> _What this task involves_: Write back every line of the listing exactly, excluding images.
========================================
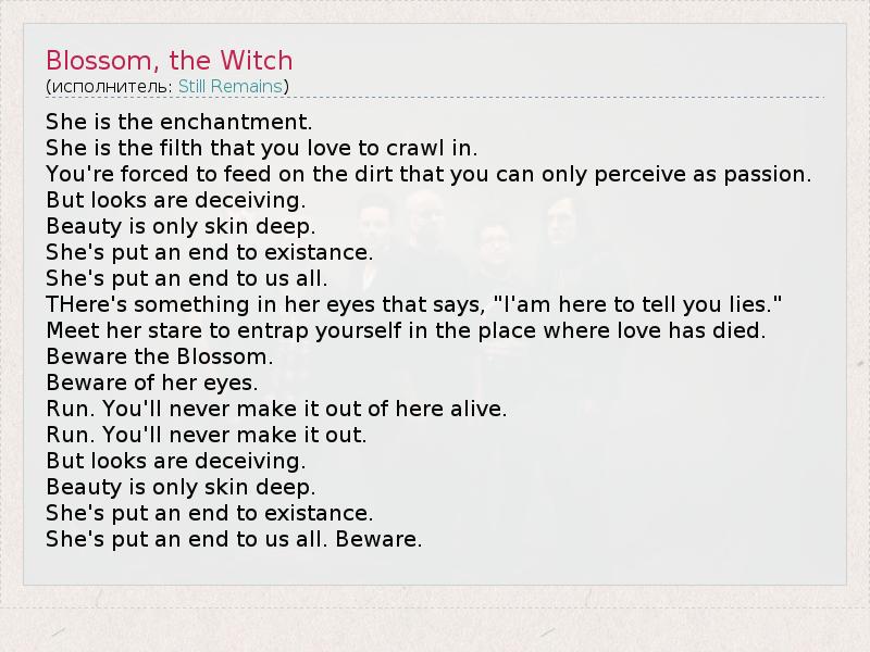 А как ты думаешь, о чем песня "Blossom, the Witch" ?
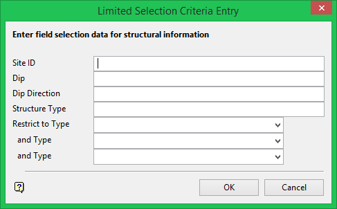 The Selection Criteria panel displays once the Highlight Structural Data panel has been completed. The Selection Criteria panel will list all of the available fields in the structural database. You can then specify the values to be met for any of these fields in order to be highlighted. If this checkbox is not ticked, then the Limited Selection Criteria panel displays. This panel allows you to specify selection criteria for a subset of the fields only.
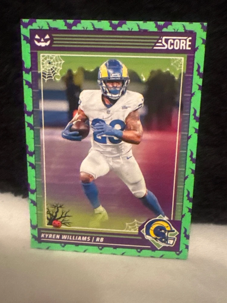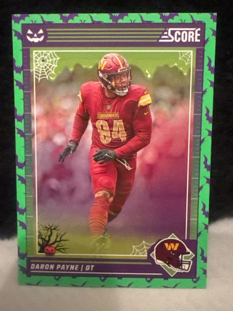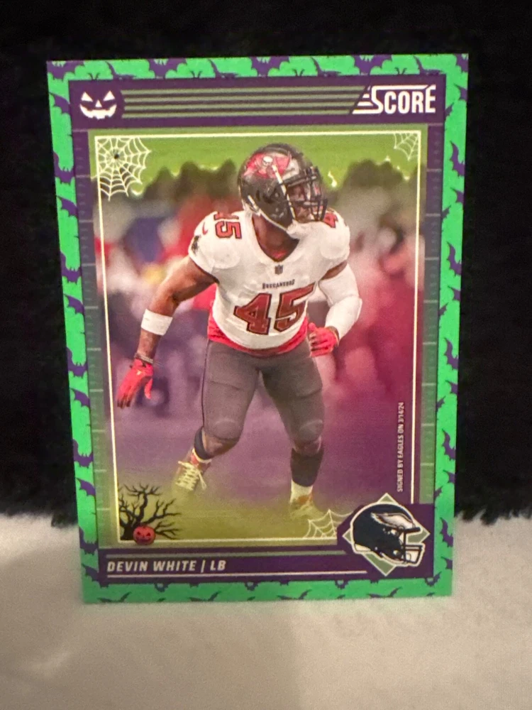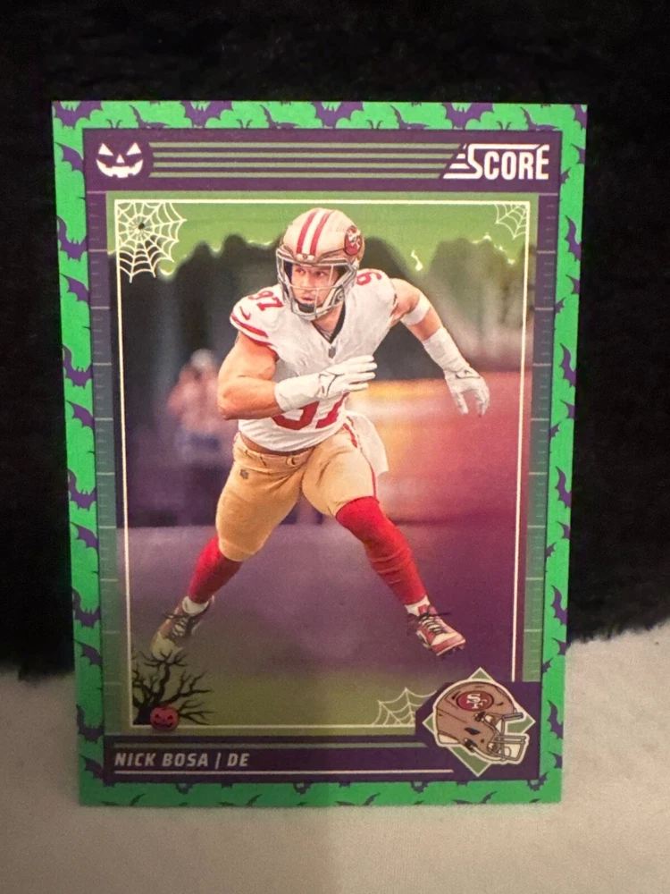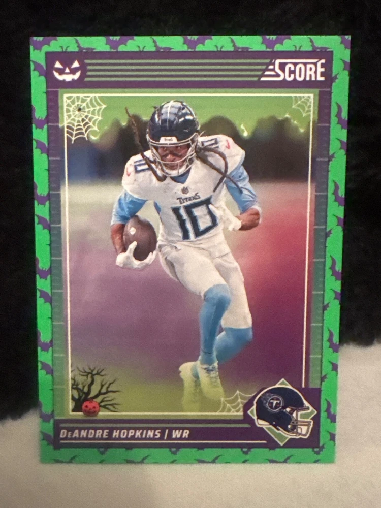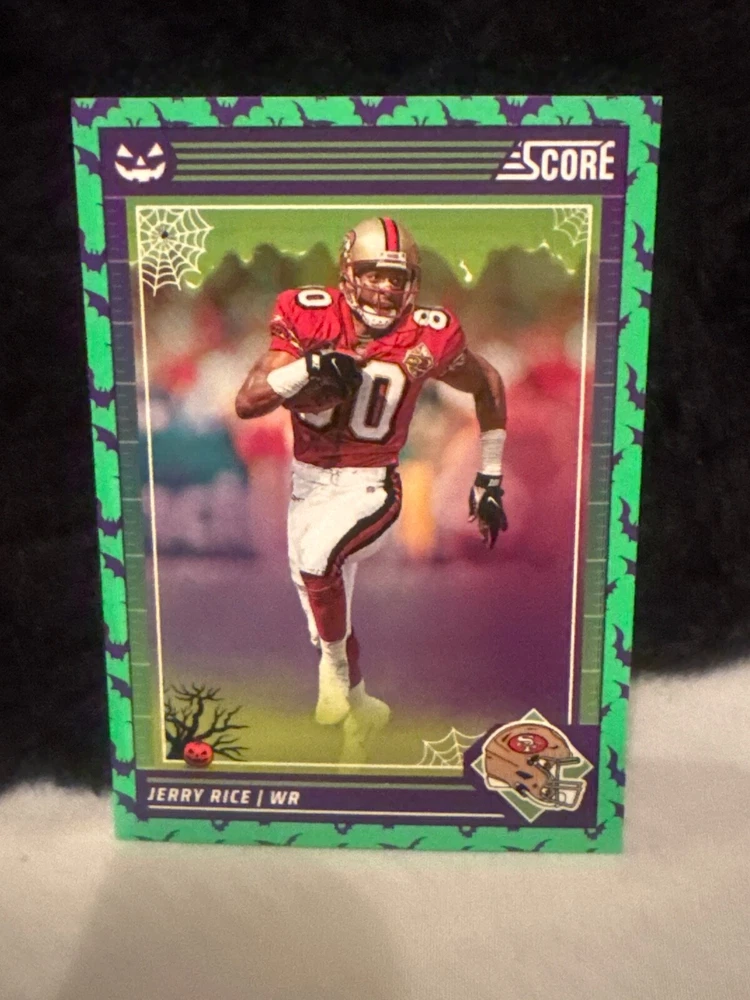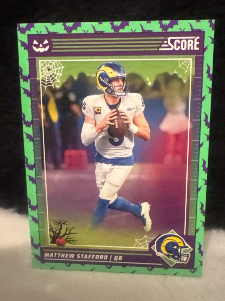 Complete your set of 2024 Score A Treat Football trading cards with the Green Bats parallel/variety. This card features some of the most exciting players in the National Football League (NFL), including Aaron Donald, Taysom Hill, and Randy Moss. The card is an original, licensed reprint from Panini and is part of the base set. The card number is 151-300 and it is a standard size for sports trading cards. The language is in English and the cards were manufactured in the United States. This card is a great addition to any football fan's collection, especially those who are fans of the San Francisco 49ers, Houston Texans, or Philadelphia Eagles.
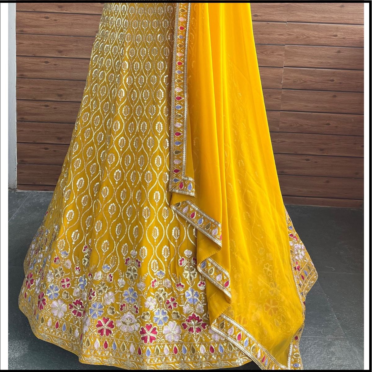 LEHENGA(BOTTOM), FABRIC:- FAUX GEORGETTE, FLAIR:- 3.5 METER, INNER:- MICRO, WORK:- THREAD AND SEQUENCE EMBROIDERY WORK, STITCH:- SEMI STITCHED (WITH PREMUIM CANCAN AND CANVAS), SIZE:- 42HEIGHT AND 42 TO 44 WAIST, CHOLI(TOP), FABRIC:- FAUX GEORGETTE, BLOUSE SIZE:- 1 METER FABRIC (BUST SIZE UPTO 46 INCHES), WORK:- THREAD AND SEQUENCE EMBROIDERY WORK, STITCH:- UN STITCHED FABRIC, (IT MAY HAVE MINOR DIFFERENCE IN WORK SIZE DUE TO STOCK CHANGES), DUPATTA, FABRIC:- FAUX GEORGETTE, WORK:- THREAD AND SEQUENCE EMBROIDERY WORK WITH LACE BORDER WORK, SIZE:- 2.50 METER DUPATTA, STITCH:- FULL STITCHED, ADDITIONAL, WASH CARE: - DRY CLEAN ONLY, COLOR: - PRODUCT COLOR MAY SLIGHTLY VARY DUE TO PHOTOGRAPHIC LIGHTNING SOURCES OR YOUR DEVICE DISPLAY SETTINGS, THESE ARE MADE TO ORDER DESIGNER STYLES, HENCE EXPECT A SLIGHT VARIATION FROM THE IMAGE DISPLAYED.
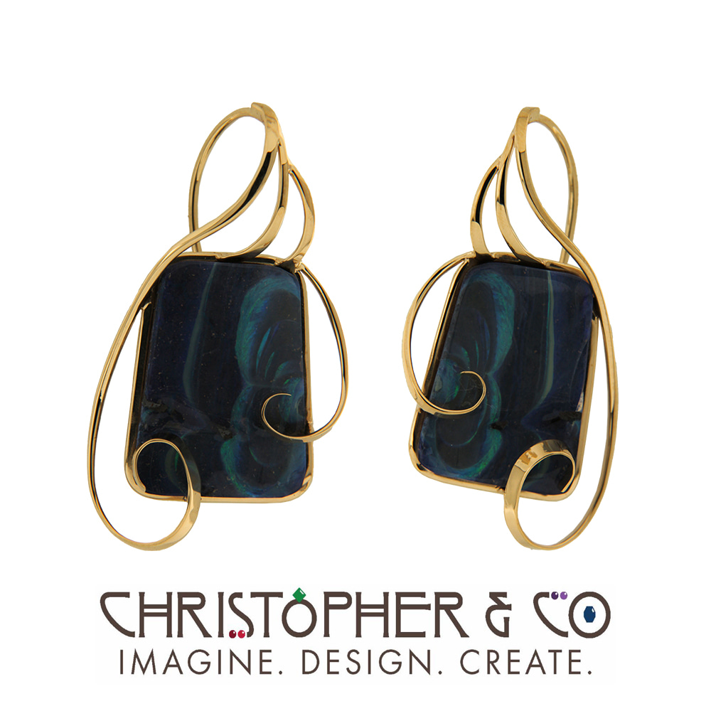 One pair of 14 karat yellow gold earrings designed by Christopher M. Jupp. The earrings are set with a 32.65 carat pair of boulder opal.
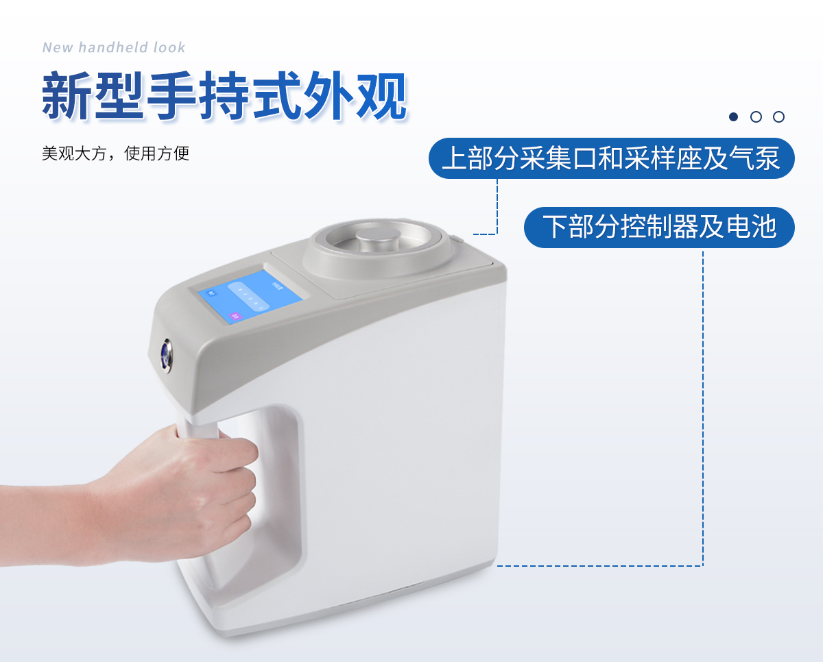 ●新型手持式外觀,美觀大方,使用方便。 ●彩色觸屏控制,操作更加**快捷。 ●LCD顯示采樣量,采樣時間等參數。 ●可將采樣量,采樣時間等參數按組儲存。 ●更換培養皿簡便,拿下采樣口即可更換培養皿。 ●帶熱敏打印機,方便打印數據。 ●帶上位機軟件,數據可導出電腦,方便歷史分析。 ●交直流兩用,內置6000mAh大容量鋰電池,可連續采樣8小時。 ●程序支持中文或英文。
========================================
> _Answer for the task_:
 А как ты думаешь, о чем песня "Blossom, the Witch" ?
 The Selection Criteria panel displays once the Highlight Structural Data panel has been completed. The Selection Criteria panel will list all of the available fields in the structural database. You can then specify the values to be met for any of these fields in order to be highlighted. If this checkbox is not ticked, then the Limited Selection Criteria panel displays. This panel allows you to specify selection criteria for a subset of the fields only.
 Complete your set of 2024 Score A Treat Football trading cards with the Green Bats parallel/variety. This card features some of the most exciting players in the National Football League (NFL), including Aaron Donald, Taysom Hill, and Randy Moss. The card is an original, licensed reprint from Panini and is part of the base set. The card number is 151-300 and it is a standard size for sports trading cards. The language is in English and the cards were manufactured in the United States. This card is a great addition to any football fan's collection, especially those who are fans of the San Francisco 49ers, Houston Texans, or Philadelphia Eagles.
 LEHENGA(BOTTOM), FABRIC:- FAUX GEORGETTE, FLAIR:- 3.5 METER, INNER:- MICRO, WORK:- THREAD AND SEQUENCE EMBROIDERY WORK, STITCH:- SEMI STITCHED (WITH PREMUIM CANCAN AND CANVAS), SIZE:- 42HEIGHT AND 42 TO 44 WAIST, CHOLI(TOP), FABRIC:- FAUX GEORGETTE, BLOUSE SIZE:- 1 METER FABRIC (BUST SIZE UPTO 46 INCHES), WORK:- THREAD AND SEQUENCE EMBROIDERY WORK, STITCH:- UN STITCHED FABRIC, (IT MAY HAVE MINOR DIFFERENCE IN WORK SIZE DUE TO STOCK CHANGES), DUPATTA, FABRIC:- FAUX GEORGETTE, WORK:- THREAD AND SEQUENCE EMBROIDERY WORK WITH LACE BORDER WORK, SIZE:- 2.50 METER DUPATTA, STITCH:- FULL STITCHED, ADDITIONAL, WASH CARE: - DRY CLEAN ONLY, COLOR: - PRODUCT COLOR MAY SLIGHTLY VARY DUE TO PHOTOGRAPHIC LIGHTNING SOURCES OR YOUR DEVICE DISPLAY SETTINGS, THESE ARE MADE TO ORDER DESIGNER STYLES, HENCE EXPECT A SLIGHT VARIATION FROM THE IMAGE DISPLAYED.
 One pair of 14 karat yellow gold earrings designed by Christopher M. Jupp. The earrings are set with a 32.65 carat pair of boulder opal.
 ●新型手持式外觀,美觀大方,使用方便。 ●彩色觸屏控制,操作更加**快捷。 ●LCD顯示采樣量,采樣時間等參數。 ●可將采樣量,采樣時間等參數按組儲存。 ●更換培養皿簡便,拿下采樣口即可更換培養皿。 ●帶熱敏打印機,方便打印數據。 ●帶上位機軟件,數據可導出電腦,方便歷史分析。 ●交直流兩用,內置6000mAh大容量鋰電池,可連續采樣8小時。 ●程序支持中文或英文。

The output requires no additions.